The FBI highlights that most ATO cases begin with social engineering, where cyber criminals manipulate victims into sharing sensitive information such as passwords, multi-factor authentication (MFA) codes, or one-time passcodes (OTP). Common techniques include:
  • Fraudulent text messages, emails, or calls claiming unusual activity or unauthorized charges. Victims are often directed to click on phishing links or speak to fake customer support representatives.
  • Attackers posing as bank employees or technical support agents who convince victims to share login details under the guise of preventing fraudulent transactions.
  • Scenarios where cyber criminals claim the victim’s identity was used to make unlawful purchases—sometimes involving firearms, and escalate the scam by introducing another impersonator posing as law enforcement.
Once armed with stolen credentials, criminals reset account passwords and gain full control, locking legitimate users out of their own accounts.

Phishing Websites and SEO Poisoning Drive More Losses

Another growing trend is the use of sophisticated phishing domains and websites that perfectly mimic authentic financial institution portals.
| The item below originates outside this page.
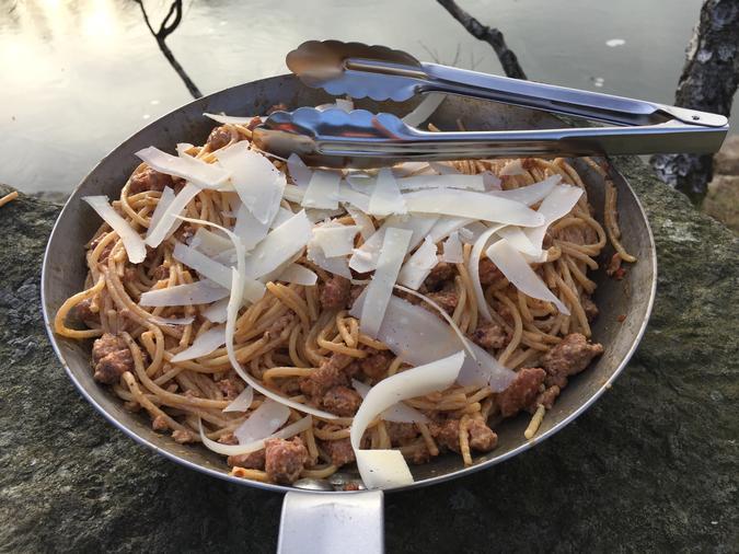 1). Koka spagetti (görs hemifrån om man önskar snabblagat på utflykten).

Victims believe they are logging into their bank or payroll system, but instead, they are handing their details directly to attackers. The FBI also warns about SEO poisoning, a method in which cyber criminals purchase search engine ads or manipulate search rankings to make fraudulent sites appear legitimate. When victims search for their bank online, these deceptive ads redirect them to phishing sites that capture their login information. Once attackers secure access, they rapidly transfer funds to criminal-controlled accounts—many linked to cryptocurrency wallets—making transactions difficult to trace or recover.
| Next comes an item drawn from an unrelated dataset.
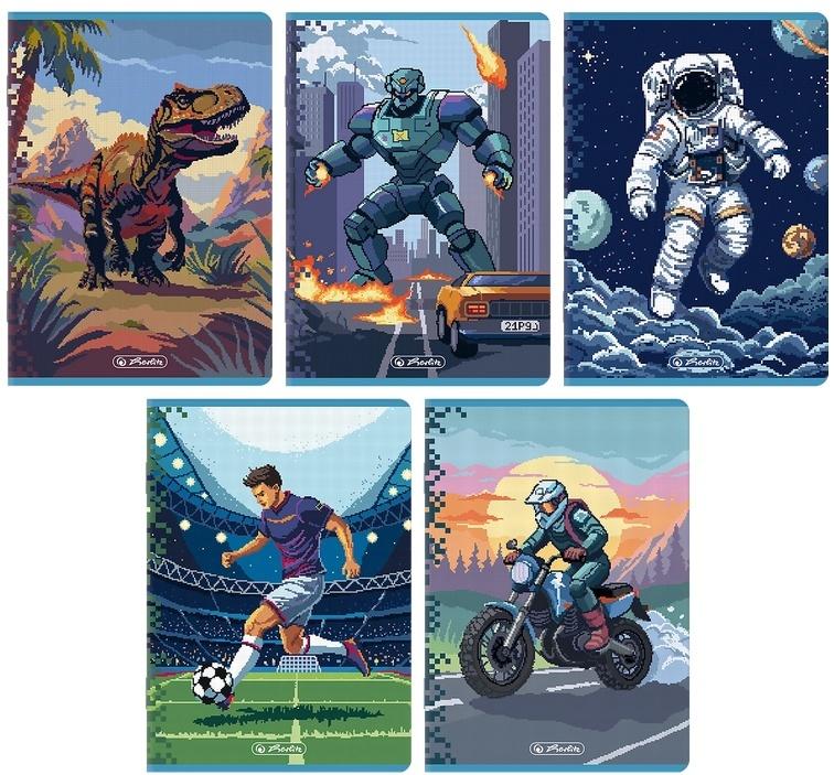 Zeszyty Herlitz Pixel Fun to energetyczna i nowoczesna kolekcja stworzona z myślą o młodszych użytkownikach i wszystkich fanach gier komputerowych oraz pikselowej grafiki retro. Okładki zdobią dynamiczne ilustracje w stylu pixel art, przedstawiające m.in. dinozaura, astronautę, sportowca, robota i motocyklistę pełne kolorów, ruchu i charakteru. Każdy wzór inspirowany jest światem przygód, sportu i technologii, co czyni kolekcję wyjątkowo atrakcyjną i pobudzającą wyobraźnię. Miękkie, kartonowe okładki zostały wykończone matową folią i uszlachetnione wybiórczym lakierem błysk, który podkreśla detale graficzne i nadaje całości efekt trójwymiarowej głębi. Wewnątrz znajduje się papier o gramaturze 70 g/m2, idealny do codziennego pisania i rysowania. Zeszyty Herlitz Pixel Fun to doskonałe połączenie jakości, stylu i młodzieżowego charakteru.

How to Stay Protected Against ATO Fraud

The FBI urges customers and businesses to take proactive measures to defend against ATO fraud attempts:
  • Limit personal information shared publicly, especially on social media.
  • Monitor financial accounts regularly for missing deposits, unauthorized withdrawals, or suspicious wire transfers.
  • Use unique, complex passwords and enable MFA on all accounts.
  • Bookmark financial websites and avoid clicking on search engine ads or unsolicited links.
  • Treat unexpected calls, emails, or texts claiming to be from a bank with skepticism.

What To Do If You Experience an Account Takeover

Victims of ATO fraud are advised to act quickly:
  1. Contact your financial institution immediately to request recalls or reversals, and report the incident to IC3.gov.
  2. Reset all compromised credentials, including any accounts using the same passwords.
  3. File a detailed complaint at IC3.gov with all relevant information, such as impersonated institutions, phishing links, emails, or phone numbers used.
  4. Notify the impersonated company so it can warn others and request fraudulent sites be taken down.
  5. Stay informed through updated alerts and advisories published on IC3.gov.